The intersection of the hourly supply curve or supply stack and the demand for that hour gives them the equilibrium price for power at a given hour. This is shown in Figure 3.
These prices or equilibrium points in this supply/demand balance vary for every hour of a given day. From the perspective of a commodity trader, understanding these relationships remains crucial.
For traders well-versed in these issues, substantial profits can accrue. If they forecast the weather and the load more accurately, then they possess two pieces of critical information.
By knowing the fuel on the margin and the price for a given hour, savvy traders can buy fuel in anticipation of a run-up in demand. Similarly, these traders can also find arbitrage opportunities for the power itself. These opportunities can make or break trading organizations in the volatile electricity market.

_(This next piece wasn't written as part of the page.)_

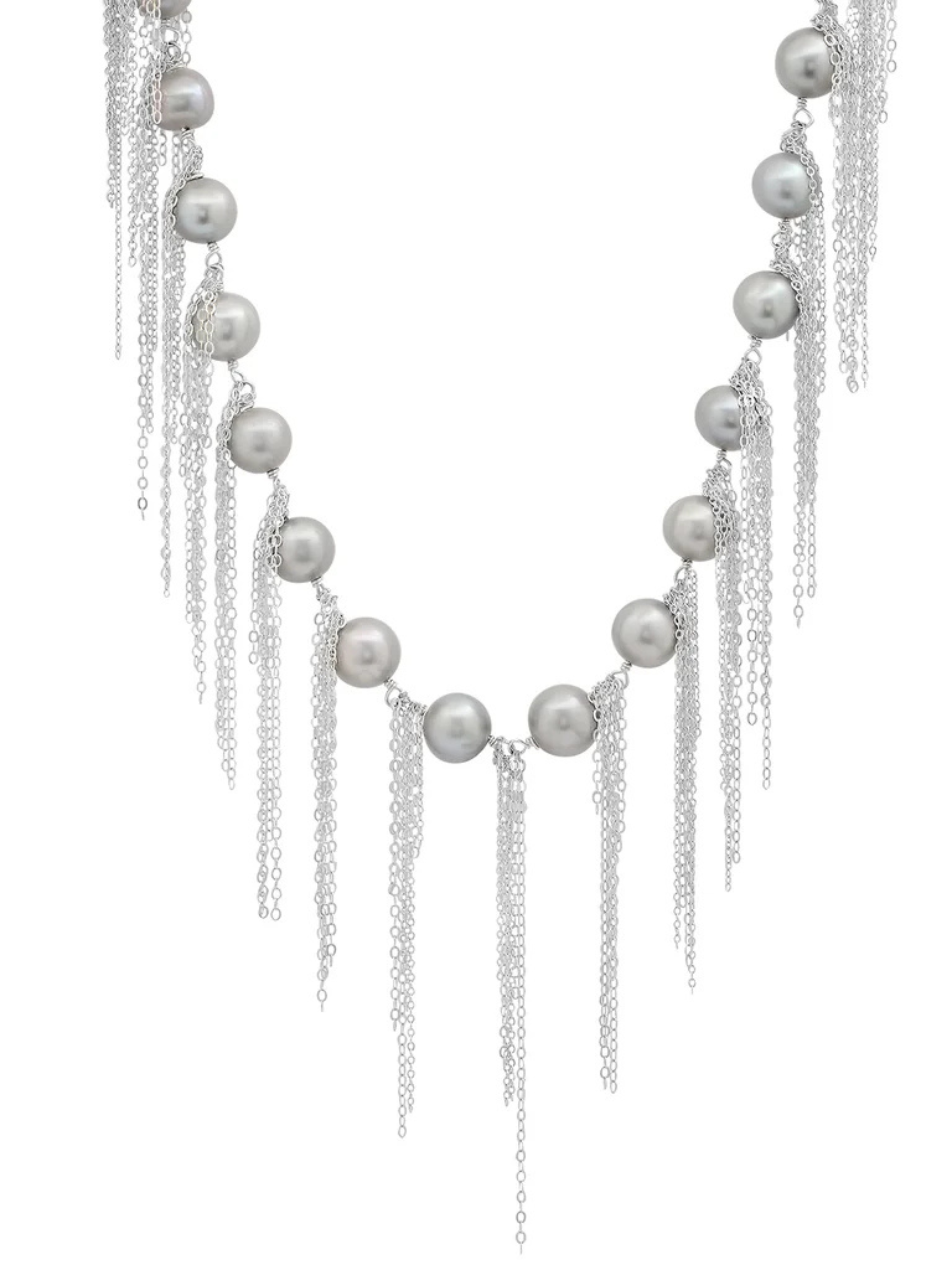 Elevate your elegance with this 31" Silver Freshwater Pearl Fringe Necklace. Featuring lustrous freshwater pearls delicately arranged in a graceful fringe design, this necklace adds a refined shimmer to any ensemble. Its timeless silver setting enhances the pearls’ natural glow, creating a sophisticated accessory perfect for both formal occasions and polished everyday wear.

But so much for the implications of weather on the short-term trader. What then are the long-term risk mitigation implications of superlative weather knowledge?
Weather patterns tend to follow a specified path or trend for a period of time. Because of this phenomenon, there`s a strong likelihood that not only will the weather deviate from the expected temp-erature for a given day, but will continue to deviate from expectations for some time.
Therefore, utilities, power traders/marketers and even end-users may want to protect themselves from prolonged unfavorable deviations that tax their resources and dry up their cashflows.
Because of this, an ever growing number of energy commodity marketers and risk management firms now offer a wide array of weather-related financial tools.
Over the past few years, there`s been a better understanding of the quantification techniques of the weather/price relationship and a resultant increase in the research and development of methodologies to better mitigate weather risk.
Companies such as Aquila, Enron and Duke Energy are active in this market. The services offered are designed for electric utilities and the broader commercial marketplace. For example, utilities concerned about a mild winter might purchase a financial revenue relief product.
In general, these instruments offer a financial payoff upon exercise to the purchaser. These instruments are generally structured to offer this payoff based upon a cumulative heating or cooling degree day (HDD or CDD) figure.
Heating or cooling degree days are defined as the sum of the products of the days in which a deviation from 65 F occurred times that magnitude of the deviation. For example, if the temperature for a given day was 72 F, a utility would have seven cooling degree days (72 – 65 x 1 = 7).
The heating/cooling degree days allow for a generally accepted measurement convention for determining relevant economic units for pricing temperature variations. To price these instruments and offer them for sale in the marketplace, trading houses and risk management firms must have substantial and significant understanding of weather patterns and modern portfolio theory.
The recent emergence of these instruments allows the uncertainty created by weather to be separated from other risks and dealt with directly. For the first time in human history, utilities and other businesses can effectively deal with one of their most daunting risk factors.
Utilities purchasing weather-related instruments now plan for the future without concern for adverse changes in the weather. This allows them to concentrate on improving their operational efficiencies and allows management to deal with the remaining risks in a more streamlined manner.
And for the marketers of weather related financial instruments, the early entrants into the market benefit by accruing the greatest returns. By offering these services to their client bases, trading firms offer a full and complete range of services, and weather, once an unknown and unquantifiable risk, turns from hurricane wind to pleasant spring breeze.
John R. Stephenson is vice president in charge of the utility and related services practice at Sterling Consulting Group, a Houston-based management consulting firm. Michael Fox-Rabinovitz assisted in preparing this article.